If you are working with very large files or would like to exceed your memory, you may change the primary location of the DataFrame. If you would like to exceed memory, you can use your disk as an overflow for the memory. This API is experimental in the context of Modin. Please let us know what you think!
Modin now comes with all the dependencies for out of core functionality by default! See the installation page for more information on installing Modin.
Out of core is detected from an environment variable set in bash.
export MODIN_OUT_OF_CORE=true
We also set up a way to tell Modin how much memory you'd like to use. Currently, this only accepts the number of bytes. This can only exceed your memory if you have enabled MODIN_OUT_OF_CORE
.
Warning: Make sure you have enough space in your disk for however many bytes you request for your DataFrame
This limits the amount of memory that Modin can use.
Here is how you set MODIN_MEMORY
:
export MODIN_MEMORY=200000000000 # Set the number of bytes to 200GB
The default for Modin is 8x the memory on the machine.
Before you run this, please make sure you follow the instructions listed above.
import modin.pandas as pd
import numpy as np
frame_data = np.random.randint(0, 100, size=(2**20, 2**8)) # 2GB each
df = pd.DataFrame(frame_data).add_prefix("col")

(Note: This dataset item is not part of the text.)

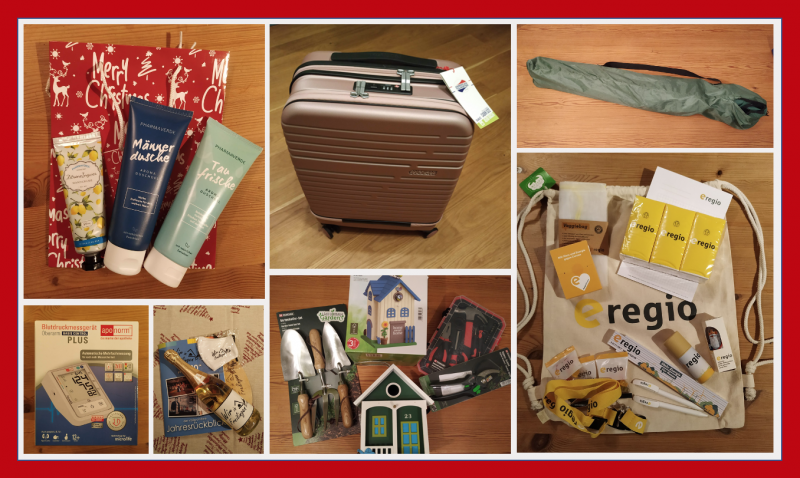 - ein hochwertiges Blutdruckmessgerät und zwei Weihnachtstüten mit verschiedenen Pflegeprodukten (gestiftet von der Rathaus Apotheke Blankenheim)...gerade zur Zeit müssen wir besonders auf unsere Gesundheit achten!

big_df = pd.concat([df for _ in range(20)]) # 20x2GB frames
print(big_df)
nan_big_df = big_df.isna() # The performance here represents a simple map
print(big_df.apply(lambda col: col.sum())) # apply along an entire axis (columns in this case)
This example creates a 40GB DataFrame from 20 identical 2GB DataFrames and performs various operations on them. Feel free to play around with this code and let us know what you think!